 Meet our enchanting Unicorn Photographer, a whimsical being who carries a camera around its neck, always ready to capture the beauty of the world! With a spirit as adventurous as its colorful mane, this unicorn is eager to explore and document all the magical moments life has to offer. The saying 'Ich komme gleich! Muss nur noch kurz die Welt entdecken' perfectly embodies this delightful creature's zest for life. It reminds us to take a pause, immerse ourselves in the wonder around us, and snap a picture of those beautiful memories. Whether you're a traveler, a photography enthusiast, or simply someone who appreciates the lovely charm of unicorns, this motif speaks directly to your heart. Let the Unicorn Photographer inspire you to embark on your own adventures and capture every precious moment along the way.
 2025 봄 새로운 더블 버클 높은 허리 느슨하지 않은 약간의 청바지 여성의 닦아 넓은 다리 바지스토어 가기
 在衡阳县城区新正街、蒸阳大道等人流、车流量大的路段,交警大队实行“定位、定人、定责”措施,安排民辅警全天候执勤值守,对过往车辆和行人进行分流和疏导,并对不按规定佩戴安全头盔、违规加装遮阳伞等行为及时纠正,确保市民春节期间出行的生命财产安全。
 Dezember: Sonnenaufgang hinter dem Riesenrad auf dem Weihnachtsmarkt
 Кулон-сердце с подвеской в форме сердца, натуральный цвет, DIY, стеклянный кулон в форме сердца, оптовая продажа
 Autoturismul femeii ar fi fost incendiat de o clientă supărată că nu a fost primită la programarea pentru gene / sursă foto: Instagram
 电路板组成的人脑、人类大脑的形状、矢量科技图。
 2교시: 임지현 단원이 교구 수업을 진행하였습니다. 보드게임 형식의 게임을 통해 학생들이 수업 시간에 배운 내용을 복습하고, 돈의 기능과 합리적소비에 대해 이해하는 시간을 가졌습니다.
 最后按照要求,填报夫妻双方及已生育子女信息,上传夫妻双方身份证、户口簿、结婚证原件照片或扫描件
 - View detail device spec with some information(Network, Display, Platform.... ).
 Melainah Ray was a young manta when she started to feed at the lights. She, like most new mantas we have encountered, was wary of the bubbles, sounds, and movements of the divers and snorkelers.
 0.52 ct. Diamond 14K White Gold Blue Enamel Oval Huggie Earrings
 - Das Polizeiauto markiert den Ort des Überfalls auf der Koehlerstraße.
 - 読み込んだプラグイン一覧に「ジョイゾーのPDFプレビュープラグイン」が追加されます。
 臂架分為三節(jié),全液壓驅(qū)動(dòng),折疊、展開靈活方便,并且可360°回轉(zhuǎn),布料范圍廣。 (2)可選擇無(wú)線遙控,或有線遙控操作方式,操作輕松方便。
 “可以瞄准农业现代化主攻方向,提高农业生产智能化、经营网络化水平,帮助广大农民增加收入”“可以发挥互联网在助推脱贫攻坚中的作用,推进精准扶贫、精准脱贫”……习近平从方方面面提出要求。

________________________

◆ **WHAT YOU NEED TO DO**:
The lines to copy run from the one containing "2교시: 임지현 단원이" through the last line above. Copy them exactly and include nothing else.

◆ **ANSWER SPACE**:
 2교시: 임지현 단원이 교구 수업을 진행하였습니다. 보드게임 형식의 게임을 통해 학생들이 수업 시간에 배운 내용을 복습하고, 돈의 기능과 합리적소비에 대해 이해하는 시간을 가졌습니다.
 最后按照要求,填报夫妻双方及已生育子女信息,上传夫妻双方身份证、户口簿、结婚证原件照片或扫描件
 - View detail device spec with some information(Network, Display, Platform.... ).
 Melainah Ray was a young manta when she started to feed at the lights. She, like most new mantas we have encountered, was wary of the bubbles, sounds, and movements of the divers and snorkelers.
 0.52 ct. Diamond 14K White Gold Blue Enamel Oval Huggie Earrings
 - Das Polizeiauto markiert den Ort des Überfalls auf der Koehlerstraße.
 - 読み込んだプラグイン一覧に「ジョイゾーのPDFプレビュープラグイン」が追加されます。
 臂架分為三節(jié),全液壓驅(qū)動(dòng),折疊、展開靈活方便,并且可360°回轉(zhuǎn),布料范圍廣。 (2)可選擇無(wú)線遙控,或有線遙控操作方式,操作輕松方便。
 “可以瞄准农业现代化主攻方向,提高农业生产智能化、经营网络化水平,帮助广大农民增加收入”“可以发挥互联网在助推脱贫攻坚中的作用,推进精准扶贫、精准脱贫”……习近平从方方面面提出要求。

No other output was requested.